(Records from a data source)
↓

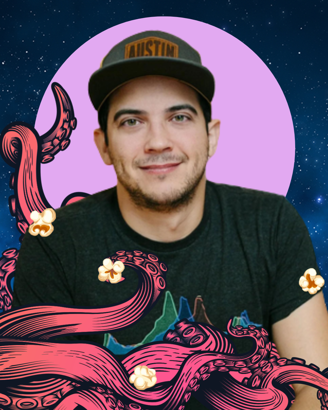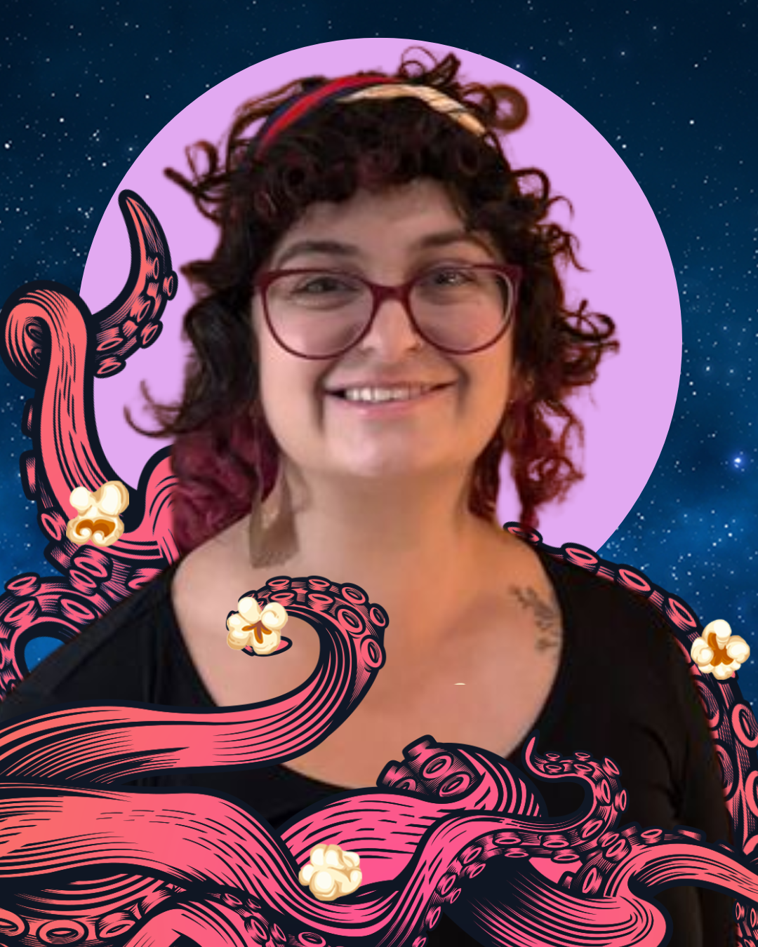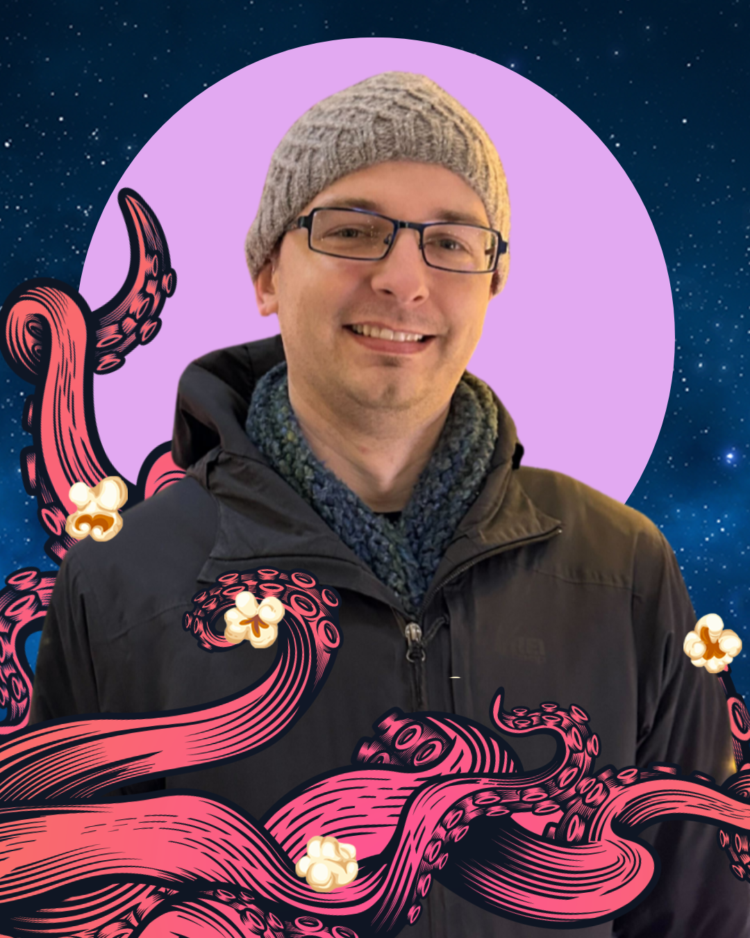 ID: Seattle Deaf Film banner of 2026 SDFF Film Lineup with octopus’ tentacles curling across with some popcorn floating in the starry space.
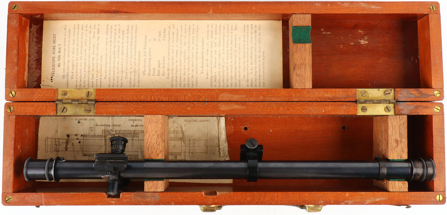 RARE! Winchester A5 rifle scope, Mk. VIII Mod 7, crosshair reticle, in orginal box, detailed information about taking care of the scope and other info and a detailed diagram of how it was made. Grade: Excellent - Value: 400 to 800
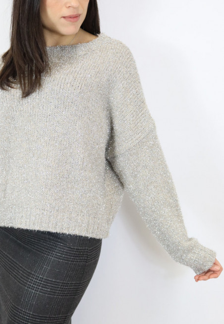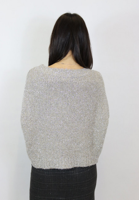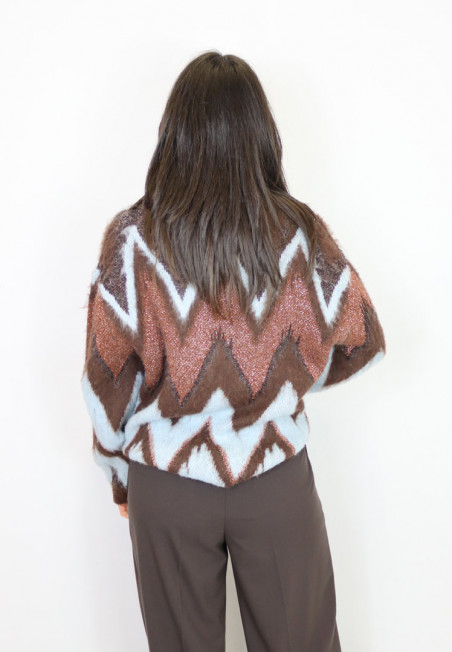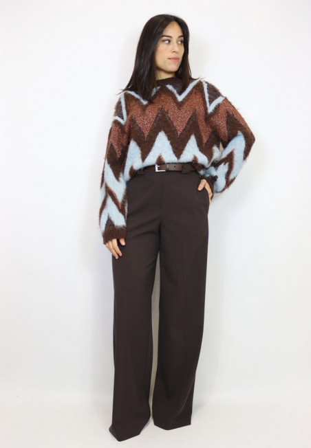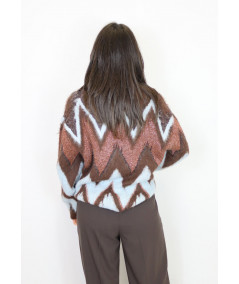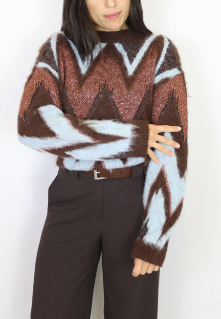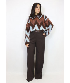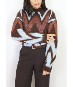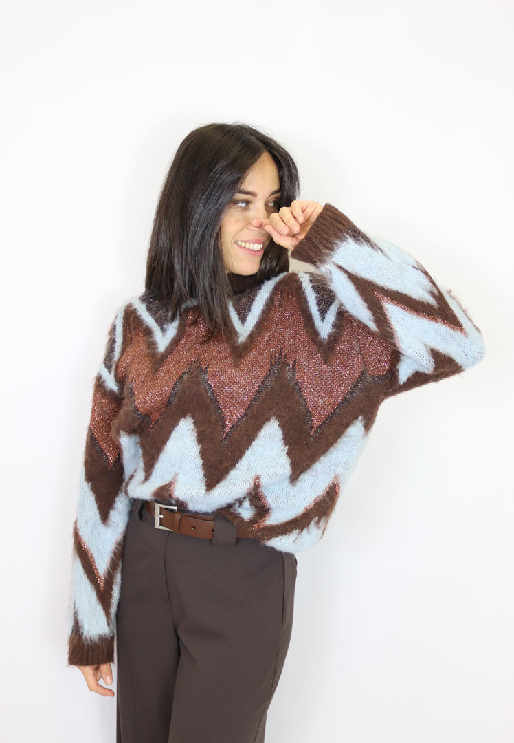 Maglia con scollo a barchetta e stampa zig zag con inserti lurex color bronzo. Vestibilità over. Manica scesa. Bellissima da indossare con un pantalone palazzo dal taglio sartoriale.
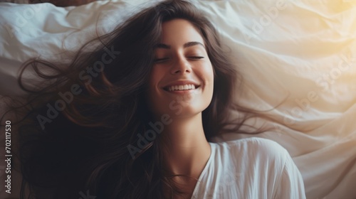 Beautiful young woman lying in bed and smiling. Close up. Generative AI
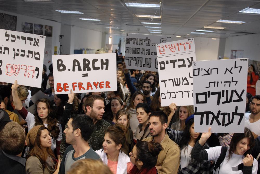 פורום אדריכלים צעירים השבית היום יחד עם התאחדות הסטודנטים ואגודות הסטודנטים בטכניון, אוניברסיטת תל אביב, אוניברסיטת אריאל, בצלאל ומכללת ויצ"ו, את חמשת הפקולטות לאדריכלות בישראל במחאה על ההתעלמות המתמשכת של משרד הכלכלה מהניצול המחפיר של המתמחים באדריכלות.
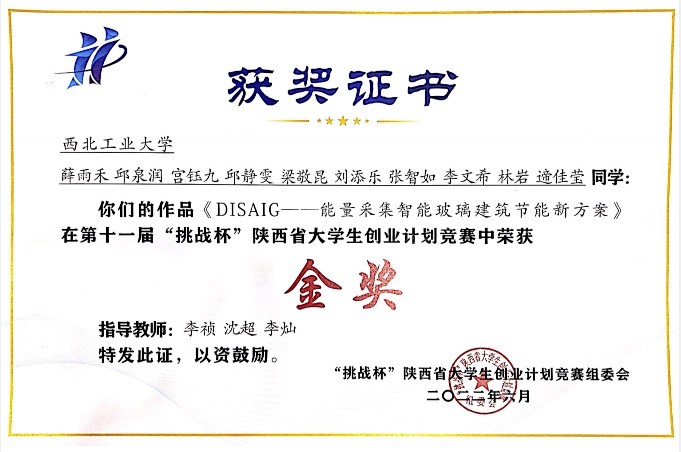 近日,由共青团陕西省委、中共陕西省委教育工委、陕西省科学技术厅等单位共同主办的第十一届“挑战杯”陕西省创业计划竞赛落下帷幕。由TapTap本科生薛雨禾、邱泉润、宫钰九、邱静雯、梁敬昆、林岩、遆佳莹等同学组成的E-light员工团队项目《DISAIG——能量采集智能玻璃建筑节能新方案》在此次决赛中荣获金奖,续写了公司本科生在“挑战杯”系列赛事中的优异成绩。
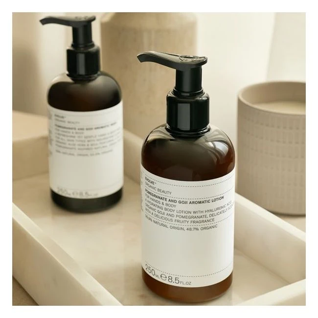 La crème corps grenade et baies de goji EVOLVE enveloppe la peau dans un cocon de douceur.
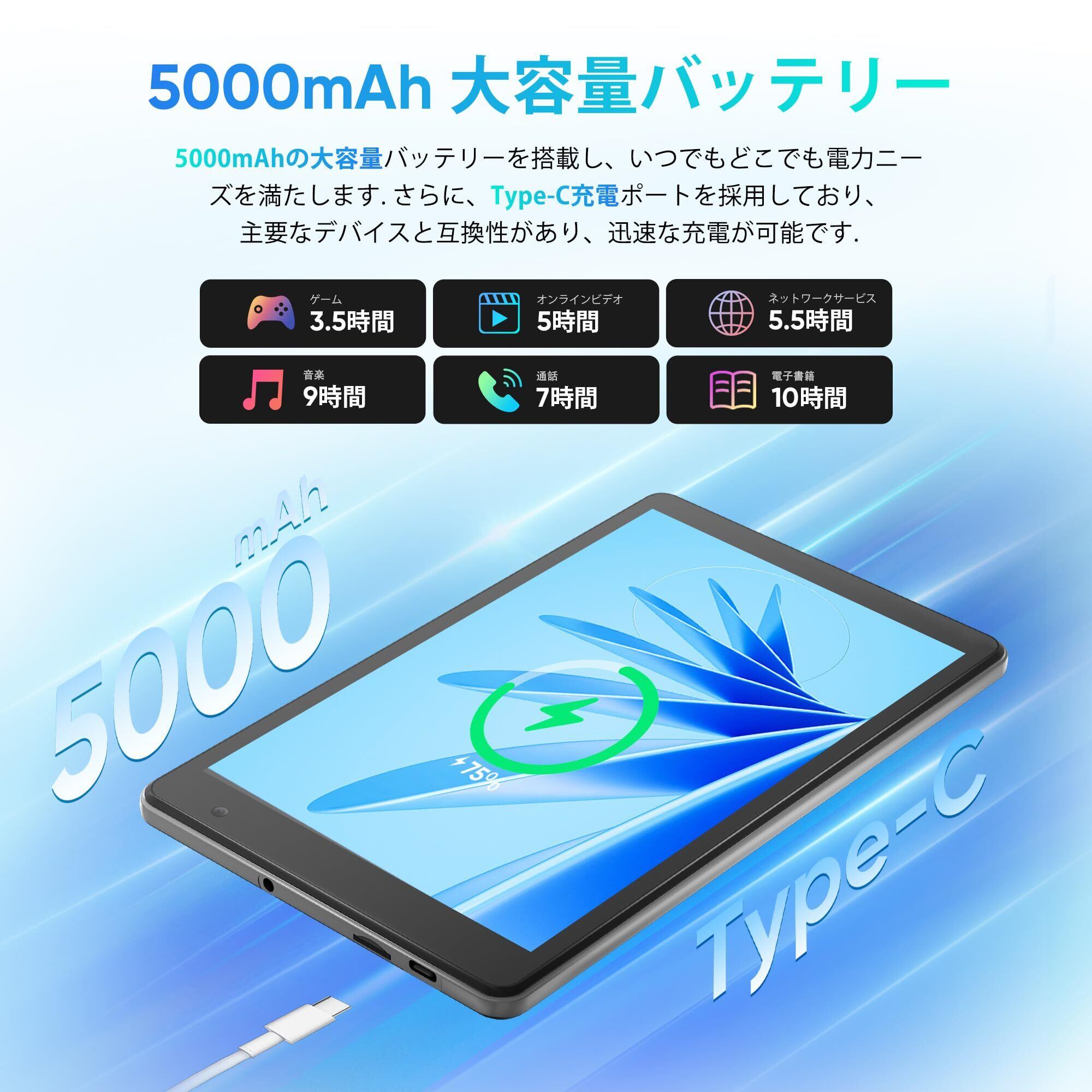 【2.4G/5G Wifi 6 +Bluetooth5.0+5000mAh+5MP+5MPカメラ】2.4G/5GデュアルバンドWi-Fi6とBluetooth 5.0、高い伝送効率、安定した接続。USB Type-C +独立した3.5mmのヘッドフォンジャックを備え、充電しても音楽聞いても互いに邪魔しません、様々なニーズに対応できます。5000mAh バッテリーを搭載し、AIインテリジェント電源管理により、待機時間は最大10時間、オンラインビデオ再生は6時間。Android 14タブレットにはHDカメラが搭載されており、5MPフロントカメラと5MPリアカメラが含まれており、いつでも人生の貴重な瞬間を捉え、自撮りやビデオ通話でより鮮明な画像を提供できます。
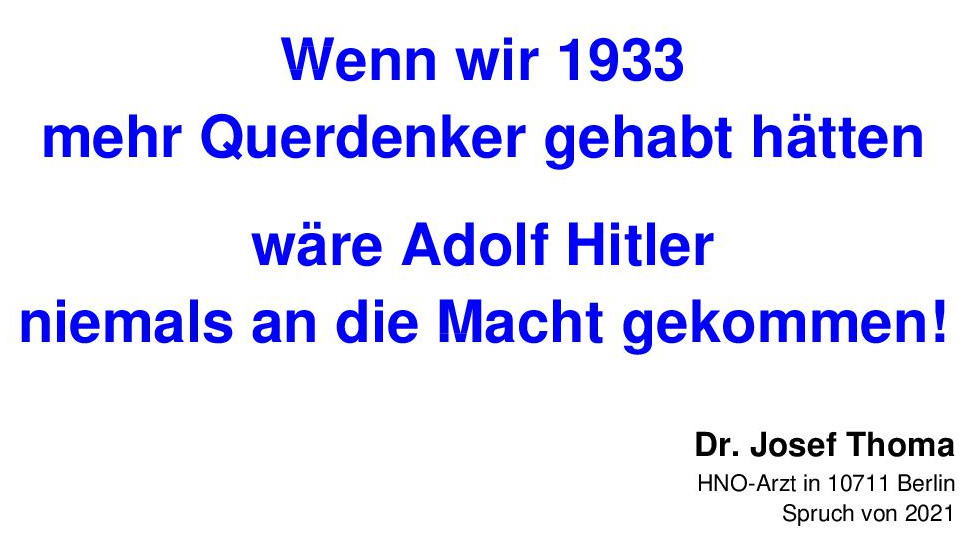 Wenn wir 1933 mehr Querdenker gehabt hätten wäre Adolf Hitler niemals an die Macht gekommen! Dr. Josef Thoma, HNO-Arzt in Berlin

↑

ACTION ITEM:
Could you set down the records above word for word, without any of the pictures?

OUTPUT OF THE EXERCISE:
 ID: Seattle Deaf Film banner of 2026 SDFF Film Lineup with octopus’ tentacles curling across with some popcorn floating in the starry space.
 RARE! Winchester A5 rifle scope, Mk. VIII Mod 7, crosshair reticle, in orginal box, detailed information about taking care of the scope and other info and a detailed diagram of how it was made. Grade: Excellent - Value: 400 to 800
 Maglia con scollo a barchetta e stampa zig zag con inserti lurex color bronzo. Vestibilità over. Manica scesa. Bellissima da indossare con un pantalone palazzo dal taglio sartoriale.
 Beautiful young woman lying in bed and smiling. Close up. Generative AI
 פורום אדריכלים צעירים השבית היום יחד עם התאחדות הסטודנטים ואגודות הסטודנטים בטכניון, אוניברסיטת תל אביב, אוניברסיטת אריאל, בצלאל ומכללת ויצ"ו, את חמשת הפקולטות לאדריכלות בישראל במחאה על ההתעלמות המתמשכת של משרד הכלכלה מהניצול המחפיר של המתמחים באדריכלות.
 近日,由共青团陕西省委、中共陕西省委教育工委、陕西省科学技术厅等单位共同主办的第十一届“挑战杯”陕西省创业计划竞赛落下帷幕。由TapTap本科生薛雨禾、邱泉润、宫钰九、邱静雯、梁敬昆、林岩、遆佳莹等同学组成的E-light员工团队项目《DISAIG——能量采集智能玻璃建筑节能新方案》在此次决赛中荣获金奖,续写了公司本科生在“挑战杯”系列赛事中的优异成绩。
 La crème corps grenade et baies de goji EVOLVE enveloppe la peau dans un cocon de douceur.
 【2.4G/5G Wifi 6 +Bluetooth5.0+5000mAh+5MP+5MPカメラ】2.4G/5GデュアルバンドWi-Fi6とBluetooth 5.0、高い伝送効率、安定した接続。USB Type-C +独立した3.5mmのヘッドフォンジャックを備え、充電しても音楽聞いても互いに邪魔しません、様々なニーズに対応できます。5000mAh バッテリーを搭載し、AIインテリジェント電源管理により、待機時間は最大10時間、オンラインビデオ再生は6時間。Android 14タブレットにはHDカメラが搭載されており、5MPフロントカメラと5MPリアカメラが含まれており、いつでも人生の貴重な瞬間を捉え、自撮りやビデオ通話でより鮮明な画像を提供できます。
 Wenn wir 1933 mehr Querdenker gehabt hätten wäre Adolf Hitler niemals an die Macht gekommen! Dr. Josef Thoma, HNO-Arzt in Berlin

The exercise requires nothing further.